* Records for the task:
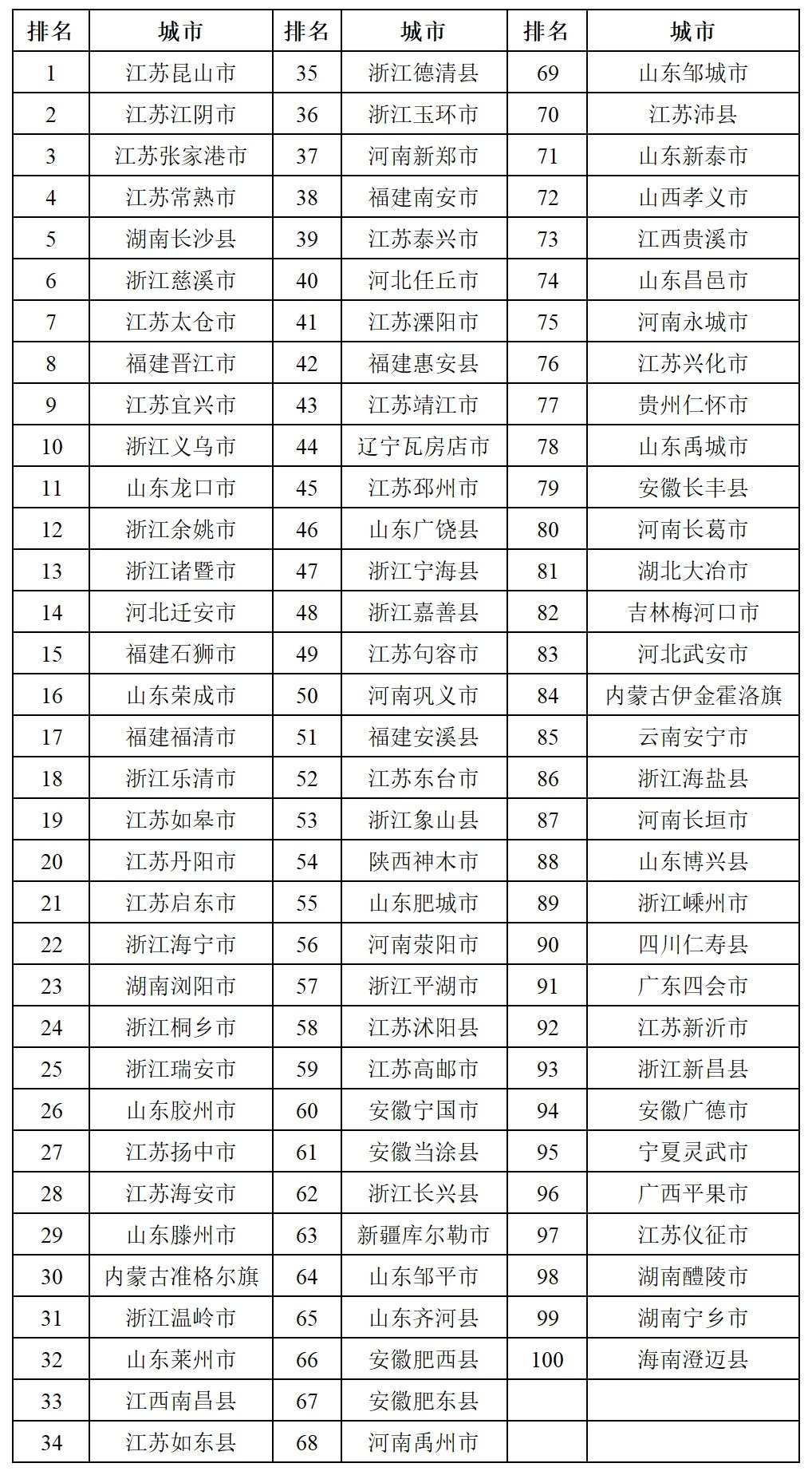 32 內(nèi)蒙古鄂爾多斯市東勝區(qū) 66 浙江嘉興市秀洲區(qū) 100 甘肅酒泉市肅州區(qū)
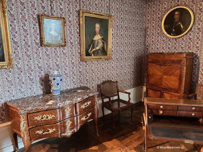 - apartamenty z XVIII w. Terakotę na podłogach zastąpił w nich parkiet, a ściany zostały pokryte tapetami, tkaninami i boazerią.
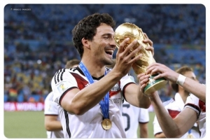 德國隊(duì)官方社媒曬出胡梅爾斯與大力神杯的合照,配文:“生日快樂,胡梅爾斯!2014年世界杯冠軍?!?/p>
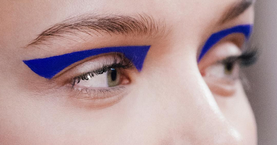Необычные стрелки на глазах с синей подводкой актуальны для . . .
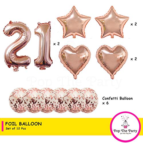HomeBabyParty SuppliesPop The Party Nylon 21Th Number Balloon With 21 Digit Balloon For Including Star, Heart And Confetti Balloons, Multicolor, 14 Pcs
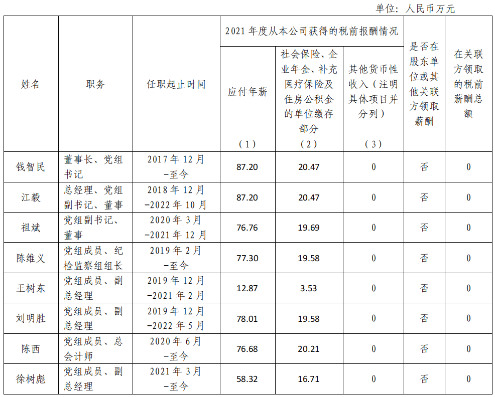 國家電力投資集團(tuán)有限公司企業(yè)負(fù)責(zé)人2021年度薪酬情況
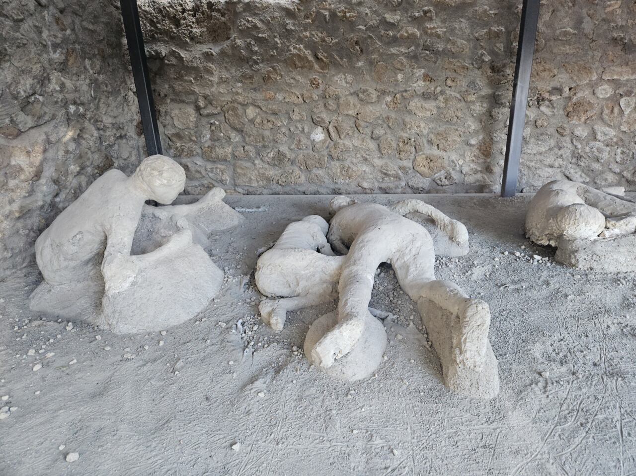 Und dann endlich betraten wir diese weltberühmte Ruinenstadt, die 79 n. Chr. durch einen gewaltigen Vulkanausbruch des Vesuvs unter einer meterhohen Ascheschicht begraben wurde. Jetzt – fast 2000 Jahre später – vor genau diesen Gebäuden und Mauern zu stehen ist faszinierend und surreal zugleich. Man kommt nicht umhin sich den damaligen Alltag auf genau dieser Straße, auf der man selbst gerade steht, vorzustellen. Auf den enorm großen Pflastersteinen sind zum Teil sogar noch Furchen der Karren und Kutschen zu erkennen. Während man durch die alten Straßen schlendert, hat man das Gefühl, direkt in das Leben der Römer einzutauchen. Die gut erhaltenen Häuser mit ihren farbenfrohen Fresken, die beeindruckenden Tempel und das große Amphitheater erzählen von einer blühenden Stadt, die so plötzlich zum Stillstand kam. Auch zahlreiche Opfer bzw deren Gipsabdrücke sind zu sehen. Menschen, die damals überrascht wurden und binnen Sekunden starben – ein stilles Zeugnis ihrer letzten Momente.
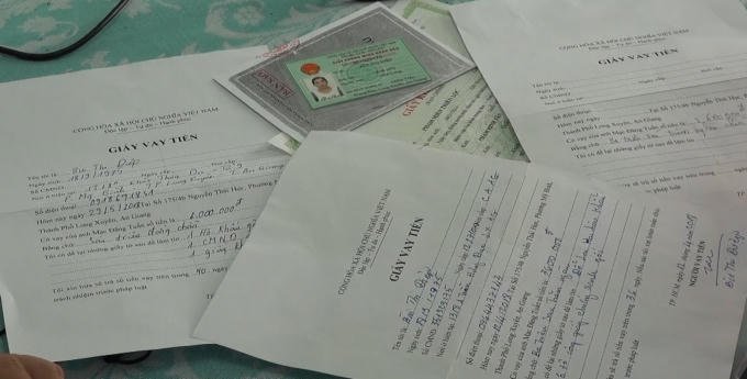 Bà N cho biết: “Trước đây bà vay của các đối tượng 5 triệu đồng, trả dần dưới hình thức tiền góp, mỗi ngày góp 150 ngàn, trong thời gian 40 ngày. Trên giấy nợ ghi tui vay 5 triệu đồng, nhưng thực tế khi nhận tiền tui chỉ nhận được 4,2 triệu đồng. Người cho vay nói do điều kiện phải góp trước 2 ngày và tiền chi phí giấy mực 500 ngàn, tổng cộng là 800 ngàn. Do vậy, bà nhận không đủ số tiền ghi trên giấy nợ, nhưng phải góp đủ trong thời gian 40 ngày với số tiền là 6 triệu đồng”.
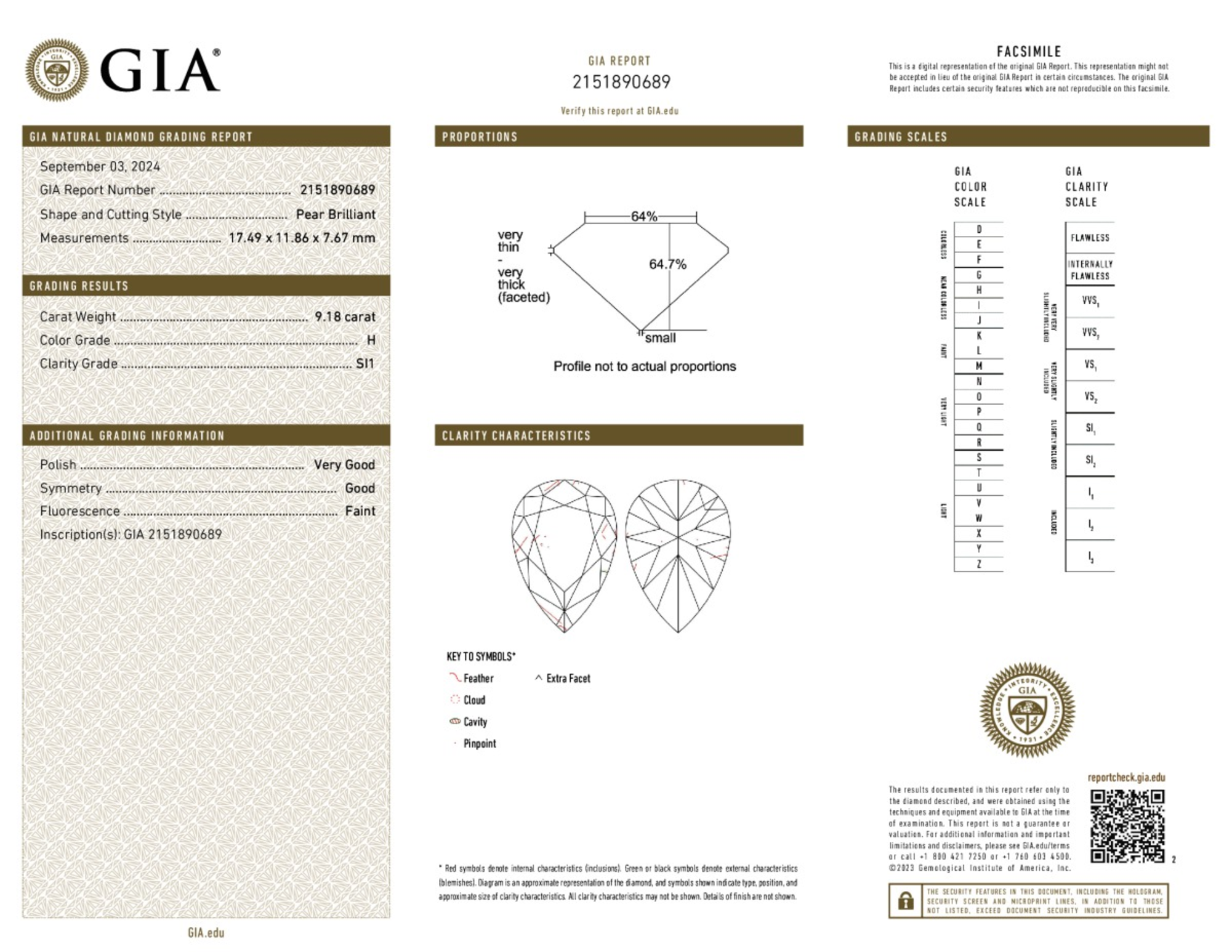 Your 9.18 carat Pear natural diamond is graded SI1 clarity, which stands for Slightly Included 1. Read more about SI1 clarity diamonds here, or learn more about diamond clarity in general here.

* What you have to do: The records above should be repeated exactly, with no pictures in the copy.

* Solution:
 32 內(nèi)蒙古鄂爾多斯市東勝區(qū) 66 浙江嘉興市秀洲區(qū) 100 甘肅酒泉市肅州區(qū)
 - apartamenty z XVIII w. Terakotę na podłogach zastąpił w nich parkiet, a ściany zostały pokryte tapetami, tkaninami i boazerią.
 德國隊(duì)官方社媒曬出胡梅爾斯與大力神杯的合照,配文:“生日快樂,胡梅爾斯!2014年世界杯冠軍?!?/p>
Необычные стрелки на глазах с синей подводкой актуальны для . . .
HomeBabyParty SuppliesPop The Party Nylon 21Th Number Balloon With 21 Digit Balloon For Including Star, Heart And Confetti Balloons, Multicolor, 14 Pcs
 國家電力投資集團(tuán)有限公司企業(yè)負(fù)責(zé)人2021年度薪酬情況
 Und dann endlich betraten wir diese weltberühmte Ruinenstadt, die 79 n. Chr. durch einen gewaltigen Vulkanausbruch des Vesuvs unter einer meterhohen Ascheschicht begraben wurde. Jetzt – fast 2000 Jahre später – vor genau diesen Gebäuden und Mauern zu stehen ist faszinierend und surreal zugleich. Man kommt nicht umhin sich den damaligen Alltag auf genau dieser Straße, auf der man selbst gerade steht, vorzustellen. Auf den enorm großen Pflastersteinen sind zum Teil sogar noch Furchen der Karren und Kutschen zu erkennen. Während man durch die alten Straßen schlendert, hat man das Gefühl, direkt in das Leben der Römer einzutauchen. Die gut erhaltenen Häuser mit ihren farbenfrohen Fresken, die beeindruckenden Tempel und das große Amphitheater erzählen von einer blühenden Stadt, die so plötzlich zum Stillstand kam. Auch zahlreiche Opfer bzw deren Gipsabdrücke sind zu sehen. Menschen, die damals überrascht wurden und binnen Sekunden starben – ein stilles Zeugnis ihrer letzten Momente.
 Bà N cho biết: “Trước đây bà vay của các đối tượng 5 triệu đồng, trả dần dưới hình thức tiền góp, mỗi ngày góp 150 ngàn, trong thời gian 40 ngày. Trên giấy nợ ghi tui vay 5 triệu đồng, nhưng thực tế khi nhận tiền tui chỉ nhận được 4,2 triệu đồng. Người cho vay nói do điều kiện phải góp trước 2 ngày và tiền chi phí giấy mực 500 ngàn, tổng cộng là 800 ngàn. Do vậy, bà nhận không đủ số tiền ghi trên giấy nợ, nhưng phải góp đủ trong thời gian 40 ngày với số tiền là 6 triệu đồng”.
 Your 9.18 carat Pear natural diamond is graded SI1 clarity, which stands for Slightly Included 1. Read more about SI1 clarity diamonds here, or learn more about diamond clarity in general here.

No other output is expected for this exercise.